Bronwyn later chose to share her mother’s story through a film-based ministry she founded called WorthMore, which promotes the dignity of human life and offers support to those facing end-of-life decisions.

As the 10th anniversary of MAiD’s legalization approaches, stories like Pat Gray’s offer a response to what critics describe as a dominant cultural narrative that frames euthanasia as compassionate and inevitable.

A recent analysis by the Cardus think tank suggests public support for MAiD may not be as firmly grounded as often portrayed. Cardus’s Feb. 12 report said many Canadians misunderstand key aspects of the law.

More than a quarter of respondents in one poll confused MAiD with withdrawing treatment, while nearly 40 percent conflated it with palliative sedation.

Only 19.2 percent correctly understood that a person does not need to be terminally ill to qualify for MAiD, and only 20.7 percent knew that a person may refuse effective treatment and still be eligible.

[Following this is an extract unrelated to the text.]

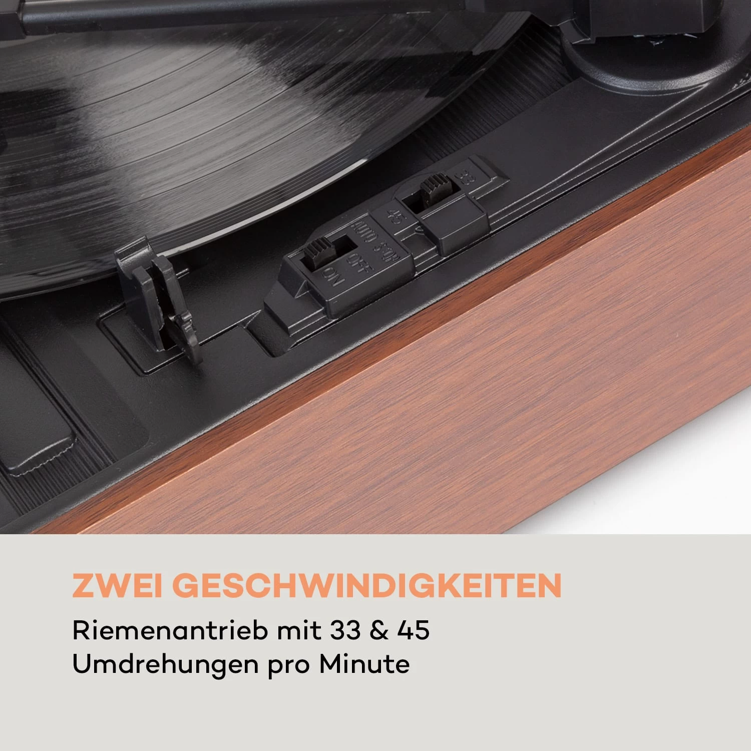 Der auna TT-138 DAB Plattenspieler bietet dank Riemenantrieb, hochwertigem Radioempfang und 2 integrierten Lautsprechern hochwertige Klangerlebnisse für jeden Anlass.

“Canadians’ majority support for MAiD only as a last resort is incongruent with the law,” author Rebecca Vachon wrote.

That disconnect may help explain growing political resistance in some provinces.

On March 18, Alberta introduced the Safeguards for Last Resort Termination of Life Act, which would restrict aspects of MAiD within the province.

“I think that we’re failing in our duty to give people hope,” Alberta Premier Danielle Smith said.

The act would also pre-emptively ban MAiD for mature minors and advance requests, as recommended in February 2023 by Parliament’s Special Joint Committee on Medical Assistance in Dying.

The legislation would prevent “regulated health professionals” from providing information about MAiD unless the patient raises it, effectively barring doctors from initiating the kind of potentially coercive, uninvited conversations reported in the cases of Pat Gray and, as noted in the April 27 B.C. Catholic, Catholic priest Father Larry Holland.

Some coverage of the legislation has framed it as a restriction on rights. Other voices argue it reflects growing concern about how far the system has expanded.

Patricia Murphy, program director at the Canadian Catholic Bioethics Institute, said media portrayals play a significant role in shaping public perception.

“People couldn’t imagine this 15 years ago,” she said. “Now they see it regularly portrayed in a positive light.”

Murphy pointed to what St. John Paul II described as the “conditioning power” of media.

“When the dignity and beauty of life—even in suffering—is shown, it shapes how people think,” she said.

She pointed to initiatives such as the Echoes palliative-care storytelling project, which highlights experiences of accompaniment rather than assisted death.

One such story tells of a dying physician who declined MAiD in order to demonstrate that “dying with dignity is dying loved.”

Catholic teaching continues to reject euthanasia while affirming the duty to care for the suffering. Resources such as the Archdiocese of Edmonton’s Hope and Dignity program emphasize that human life remains sacred and that suffering, while difficult, is not without meaning.